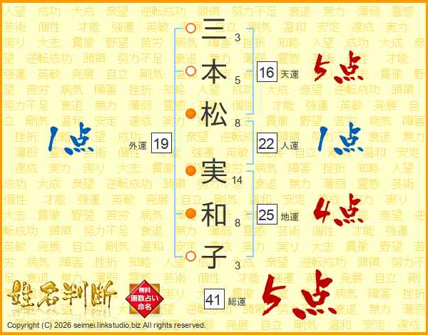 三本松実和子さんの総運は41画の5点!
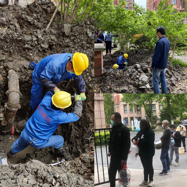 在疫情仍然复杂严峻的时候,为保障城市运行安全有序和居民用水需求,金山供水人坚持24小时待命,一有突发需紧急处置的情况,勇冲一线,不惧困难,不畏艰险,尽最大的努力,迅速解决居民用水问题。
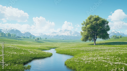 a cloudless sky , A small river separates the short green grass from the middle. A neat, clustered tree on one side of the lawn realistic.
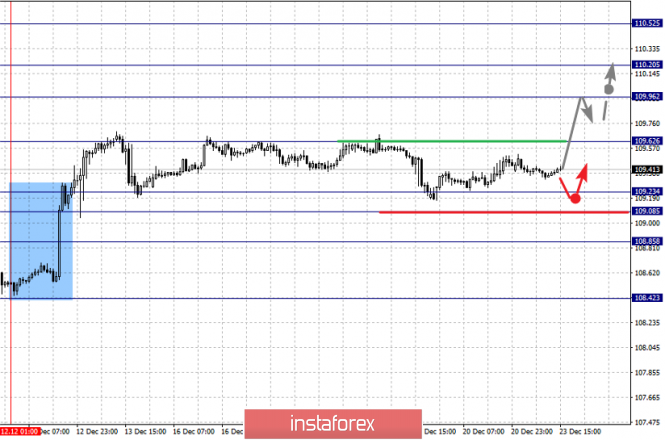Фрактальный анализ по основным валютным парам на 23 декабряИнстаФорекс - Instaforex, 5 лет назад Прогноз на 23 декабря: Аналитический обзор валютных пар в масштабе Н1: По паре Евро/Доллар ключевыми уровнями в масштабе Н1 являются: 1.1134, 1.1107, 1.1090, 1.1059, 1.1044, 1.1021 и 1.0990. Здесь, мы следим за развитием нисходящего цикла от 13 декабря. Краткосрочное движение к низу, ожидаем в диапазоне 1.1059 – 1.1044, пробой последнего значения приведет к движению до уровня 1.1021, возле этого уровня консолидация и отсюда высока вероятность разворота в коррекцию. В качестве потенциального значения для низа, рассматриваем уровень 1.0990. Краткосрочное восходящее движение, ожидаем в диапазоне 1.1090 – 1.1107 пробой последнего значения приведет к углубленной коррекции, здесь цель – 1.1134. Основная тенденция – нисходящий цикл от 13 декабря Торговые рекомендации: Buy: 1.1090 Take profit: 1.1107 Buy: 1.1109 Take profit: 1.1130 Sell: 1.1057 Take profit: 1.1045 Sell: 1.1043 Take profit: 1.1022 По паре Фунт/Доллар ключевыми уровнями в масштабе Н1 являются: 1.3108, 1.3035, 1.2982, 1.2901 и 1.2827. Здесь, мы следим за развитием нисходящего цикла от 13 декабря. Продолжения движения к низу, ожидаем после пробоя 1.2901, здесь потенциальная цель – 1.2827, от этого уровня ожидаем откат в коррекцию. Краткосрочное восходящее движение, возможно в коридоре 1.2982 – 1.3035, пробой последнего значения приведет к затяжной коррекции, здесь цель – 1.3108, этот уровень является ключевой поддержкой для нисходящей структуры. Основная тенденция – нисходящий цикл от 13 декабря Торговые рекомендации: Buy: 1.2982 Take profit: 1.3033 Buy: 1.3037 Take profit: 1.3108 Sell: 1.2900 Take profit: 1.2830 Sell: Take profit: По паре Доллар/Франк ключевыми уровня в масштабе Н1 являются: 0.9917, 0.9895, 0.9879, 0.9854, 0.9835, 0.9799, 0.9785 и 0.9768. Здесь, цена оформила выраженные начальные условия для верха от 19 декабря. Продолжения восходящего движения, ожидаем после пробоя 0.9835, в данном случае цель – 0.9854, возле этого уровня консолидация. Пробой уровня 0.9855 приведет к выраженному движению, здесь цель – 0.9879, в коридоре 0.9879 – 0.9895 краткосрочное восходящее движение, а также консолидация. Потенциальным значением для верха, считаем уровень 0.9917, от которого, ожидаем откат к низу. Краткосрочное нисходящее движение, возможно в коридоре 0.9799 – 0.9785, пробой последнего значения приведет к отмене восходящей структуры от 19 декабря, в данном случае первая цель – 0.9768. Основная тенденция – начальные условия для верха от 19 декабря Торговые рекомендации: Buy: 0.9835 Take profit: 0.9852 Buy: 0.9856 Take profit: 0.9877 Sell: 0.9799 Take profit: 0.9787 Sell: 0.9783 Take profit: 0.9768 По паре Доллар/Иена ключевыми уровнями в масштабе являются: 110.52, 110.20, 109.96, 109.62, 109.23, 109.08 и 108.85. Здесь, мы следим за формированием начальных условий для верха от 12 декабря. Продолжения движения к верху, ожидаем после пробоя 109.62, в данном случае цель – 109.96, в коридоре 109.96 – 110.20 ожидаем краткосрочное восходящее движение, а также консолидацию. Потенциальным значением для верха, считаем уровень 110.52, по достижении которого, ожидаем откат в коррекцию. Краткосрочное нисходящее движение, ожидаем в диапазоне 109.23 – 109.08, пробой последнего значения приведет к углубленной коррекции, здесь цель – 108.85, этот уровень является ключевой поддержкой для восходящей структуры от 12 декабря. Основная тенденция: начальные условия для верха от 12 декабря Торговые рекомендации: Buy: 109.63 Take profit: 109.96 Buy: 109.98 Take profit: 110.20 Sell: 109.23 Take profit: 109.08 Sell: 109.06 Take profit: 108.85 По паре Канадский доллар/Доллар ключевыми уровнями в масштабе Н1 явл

### [WHAT YOU HAVE TO DO]
Starting from the first line of the listing above, write out every line exactly through the one containing "a cloudless sky", and drop the pictures.

### [EXERCISE OUTPUT]
 三本松実和子さんの総運は41画の5点!
 在疫情仍然复杂严峻的时候,为保障城市运行安全有序和居民用水需求,金山供水人坚持24小时待命,一有突发需紧急处置的情况,勇冲一线,不惧困难,不畏艰险,尽最大的努力,迅速解决居民用水问题。
 a cloudless sky , A small river separates the short green grass from the middle. A neat, clustered tree on one side of the lawn realistic.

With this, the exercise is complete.